The most important and obvious difference, I tell them, is that the monks I’ve met choose to live this way.

Why?

The monks want to know God more fully. And they think such an environment can help. I tell the guys that the monks I’ve visited—both Catholic and Orthodox—seek in such cloisters to shed their false selves, turning away from their distractions and the illusions society offers. They seek to become bare before God, exposing their truest selves, their hidden need.

They want their hearts to be broken, and filled, and expanded with the love of God.

For thousands of years, I stress, men and women have thought such a stark environment to be helpful for such difficult work. A place set apart from the world to pray.

This is why, after all, I myself go to the jail.

I go as often as I can, at least one afternoon a week, if not more. When I tell the guys I wish I could stay the night, spend a few weeks or months in there with them, they laugh and say they can suggest all sorts of ways they can help me end up in there. We’ve several times, half-serious, brainstormed some technical infractions that could land me in there, red scrubs and all, with minimal damage to my ability to return as a chaplain one day.

But misdemeanors aside, the men in the circle of chairs often ask why I come at all, when I don’t have to. “This is my favorite church,” I say. “I’ve been coming here for years.”

That part is no joke.

The mercy of God is what I seek. It is what I love. And so I want to be around it, the way my outdoorsy friends can’t stay off the trails or off the Cascade peaks; the way birders’ necks crane at the slightest song in the leaves; the way rock addicts stand front row at a concert and feel the raw emotion vibrate through their bones; the way art lovers frequent museums and galleries.
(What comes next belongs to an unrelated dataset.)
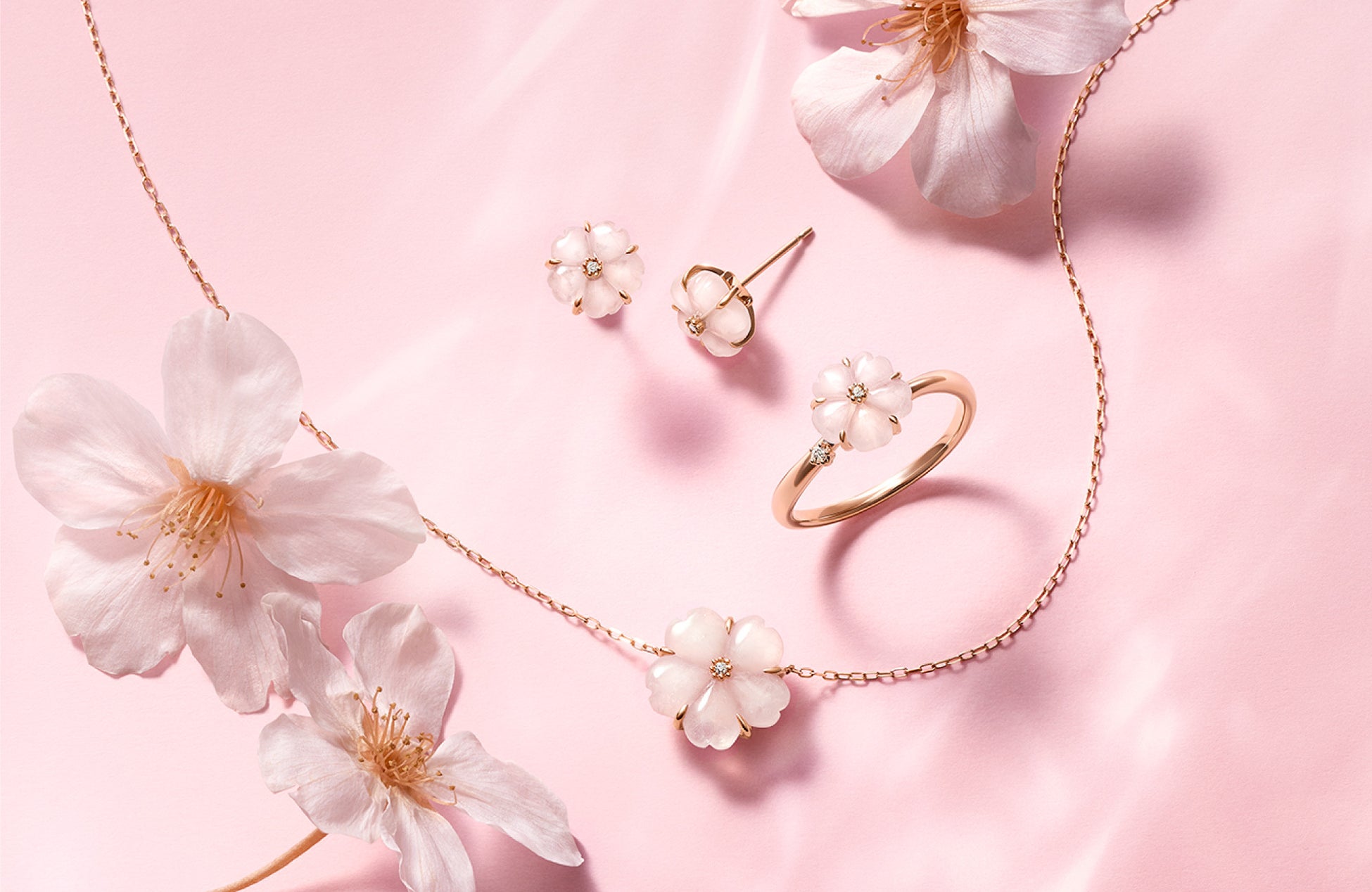 春の装いをさらに愛らしく、そして軽やかに彩る桜色のジュエリーを、あなたらしく可憐にまとって。
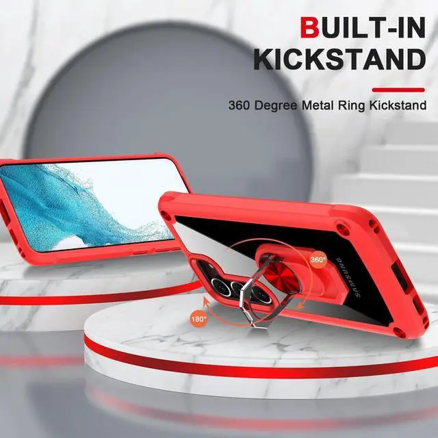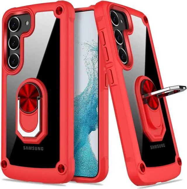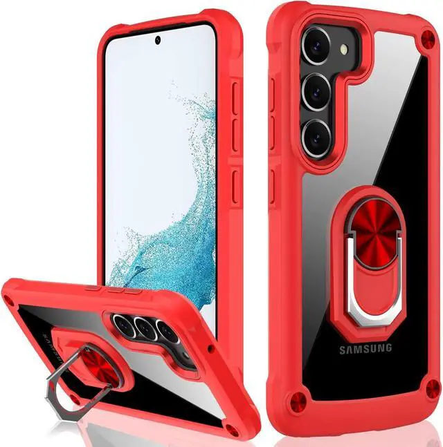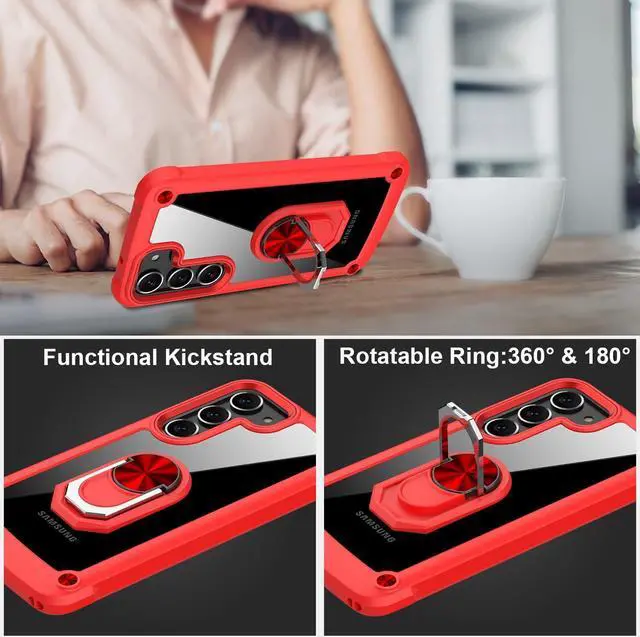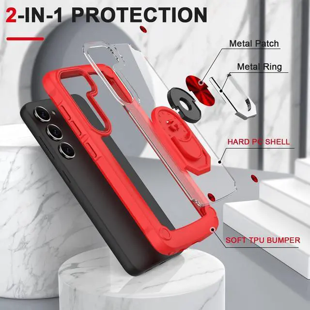 Features: Compatible with Samsung Galaxy S23 Plus 5G. Extensively drop tested, so you can feel reassured that your device is well protected. Crystal clear case provides a slim fitting stylish design and reinforced corner shock protection against damage, keeping your device looking great at all time. Made from reinforced bonded thermopolyurethane and optical grade polycarbonate materials, which makes it flexible enough to absorb punishment but hard enough to resist potential damage. The back of the case has a built-in extremely practical handle, Ring, which can be put on the finger to hold the phone more securely in your hand. Pull the ring out and have a handy viewing stand to comfortably watch your favorite show. Designed to be slim, lightweight and strong - so you can be assured that this case will add virtually no extra bulk to your phone and will still fit in your pocket with ease. Raised bezels on the case protects your phone's screen and camera from scratches. independent metal buttons for an easy, conspicuous press. Enjoy magnetic mount compatibility, as the ring holder also functions as a built-in metal plate.

For me, nothing can beat that elusive, invisible rush of heavenly mercy making contact with a crushed heart. I want it to wash through me, repeatedly, to take the normal grime of boredom, ambition, anxiety, and despair off me, over and over again. I want it make me soft once again, soak my calloused edges, freshen my mind—that I might smell of bright, sweet tenderness and mercy when I leave, for a few hours, maybe.

I go to the jail as a volunteer chaplain the way drunks hit a local bar. Some wouldn’t mind staying through the night.

Mercy, like music, hums better in certain venues, in certain conditions of heart. Monks, in their chosen walls, are keenly aware of their need for mercy. That is, their sin. And apart from a monastery, I tell the men, the jail is probably the best place to be among people who are also faced with what a mess they really are.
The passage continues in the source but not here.